§ **Information given**:
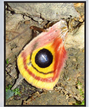
An Io Moth met an unfortunate end

that I'd seen a lot of, but hadn't IDed yet. A couple of Blackburnian Warblers and Yellow-throated Vireos sang. I finally got to see some of the giant hemlocks that the property is named for. It is a magical gully down off the road.
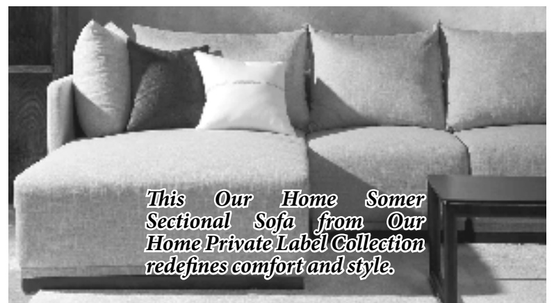
This Our Home Somer Sectional Sofa from Our Home Private Label Collection redefines comfort and style.
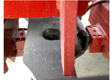
Steer Axle Pivots, 4 Bolt Mounting with Grease Fittings
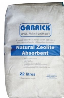
O000A Natural Zeolite Absorbent
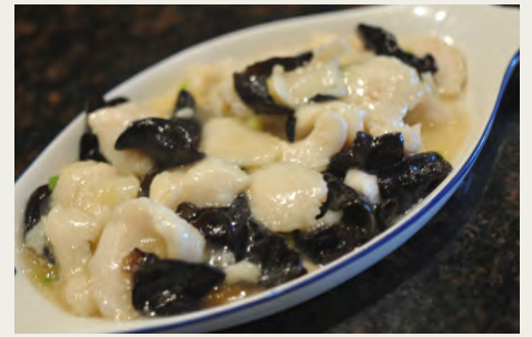
糟溜魚片 Sole Fish Filet with Mushrooms in White Wine Sauce
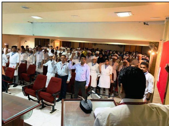
Front view while taking the Pledge
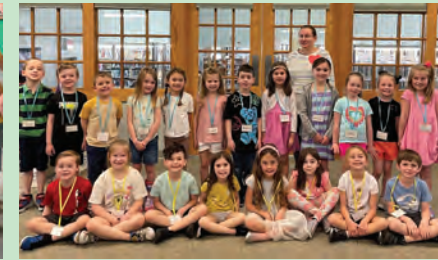
Building Blocks Learning Center campers on a book hunt.

§ **The task**:
Give the material again exactly as it is, but keep the pictures out.

§ **Output below**:
An Io Moth met an unfortunate end

that I'd seen a lot of, but hadn't IDed yet. A couple of Blackburnian Warblers and Yellow-throated Vireos sang. I finally got to see some of the giant hemlocks that the property is named for. It is a magical gully down off the road.
This Our Home Somer Sectional Sofa from Our Home Private Label Collection redefines comfort and style.
Steer Axle Pivots, 4 Bolt Mounting with Grease Fittings
O000A Natural Zeolite Absorbent
糟溜魚片 Sole Fish Filet with Mushrooms in White Wine Sauce
Front view while taking the Pledge
Building Blocks Learning Center campers on a book hunt.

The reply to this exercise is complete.